O resultado da busca pela aparência tem sido um mundo vítima da depressão. Há países em que há mais suicídio do que homicídio. Parte da razão está na depressão das aparências, daquele que passa décadas em um emprego que não o faz se sentir realizado, mas o faz se sentir seguro. Paranoia e depressão estão cada vez mais precoces. O pai quer preparar o filho para o futuro e se esquece que a única coisa que prepara uma criança para o futuro é ela poder ter sido criança, quando criança. Com a desculpa de prepará-los para o futuro, os pais estão roubando a infância dos filhos.

O mundo corporativo tem se transformado, a começar pelo processo de recrutamento. É contratado o profissional com mais marketing pessoal do que a melhor competência.

Shinyashiki defende que há perguntas sem sentido que são feitas tais como: “qual é seu defeito?" Muitos respondem que o defeito é não pensar na vida pessoal. É exatamente o que o entrevistador quer escutar. Por que será que nunca alguém respondeu ser desorganizado ou esquecido? É contratado quem é bom em conversar e até em fingir. Da mesma forma, na maioria das vezes, são promovidos aqueles que fazem o jogo do poder.

A maioria dos modelos de gestão premia pessoas mal preparadas e criam pessoas arrogantes, que não têm a humildade de se preparar, que não têm capacidade de ler um livro até o fim e não se preocupam com o conhecimento, de fato. Muitas equipes precisam de motivação, mas o maior problema no Brasil é competência. Não adianta assumir uma função para a qual não se está preparado.

Continuamos valorizando os heróis. Quem vai salvar o Brasil? Quem vai salvar o time? Quem vai salvar o casamento? Um herói não vai salvar nada! Temos de parar de procurar super-heróis. O super-herói não segura a onda de todos que se consideram um fracassado. Não somos super-heróis um dia nem super-fracassados no outro dia. Acertamos e erramos todos os dias, temos alegria e tristeza todos os dias. Não há nada de errado nisso.

Há mais de 10 anos, Roberto Shinyashiki já dizia que a crise é positiva se as pessoas entenderem que a responsabilidade pela própria vida é de cada uma delas. Aceitar nossas angústias e inseguranças faz a vida fluir mais facilmente.

Como então as pessoas podem se livrar dessa tirania da aparência? Roberto Shinyashiki nos orienta que o primeiro passo é pensar nas coisas que fazem as pessoas cederem a essa tirania e tentar evitá-las. São três fraquezas: a primeira é precisar de aplauso, a segunda é precisar se sentir amada, e a terceira é buscar segurança.

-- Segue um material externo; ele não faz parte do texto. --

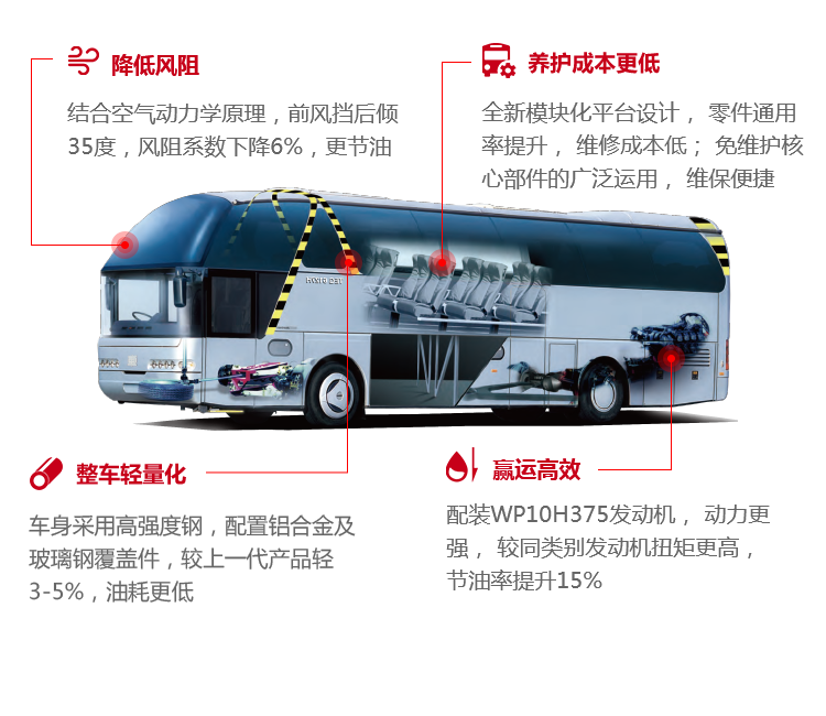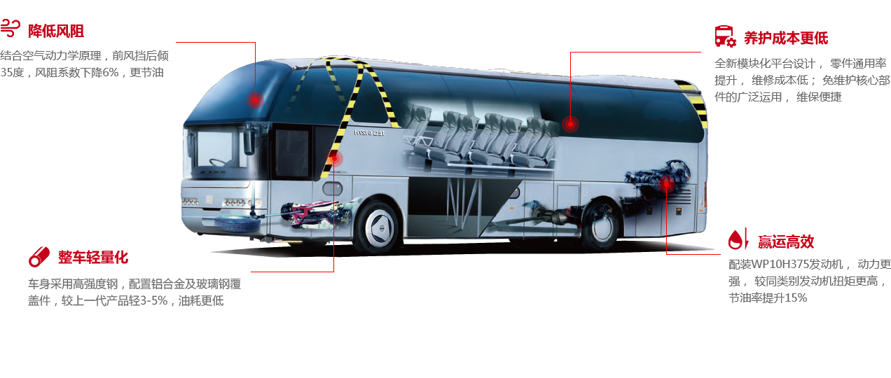 Independent suspension front axle and A-shaped rear axle reduce the jolt and swing of the vehicle; the skin of vehicle with prestress hot tensioning adhering technology and vehicle foaming technology make noise lower, which effectively improves the driving and riding experiences.

Muitas pessoas têm buscado sonhos que não são seus, mas que a sociedade tem definido que é certo. São quatro as loucuras da sociedade. A primeira é instituir que todos têm de ter sucesso, como se cada pessoa não tivesse significado individual. A segunda loucura é que cada um tem de estar feliz todos os dias. A terceira é que se tem que comprar tudo o que puder. Por fim, a quarta loucura é ter de fazer as coisas do jeito certo. Não há um caminho único para se fazer as coisas. As metas são interessantes para o sucesso, mas não para a felicidade.

Felicidade não é uma meta, mas um estado de espírito. Tem gente que diz que não será feliz enquanto não casar, enquanto outros se dizem infelizes justamente por causa do casamento.

Ninguém na hora da morte diz se arrepender por não ter aplicado o dinheiro em imóveis ou ações, mas sim de ter esperado muito tempo ou perdido várias oportunidades para aproveitar a vida.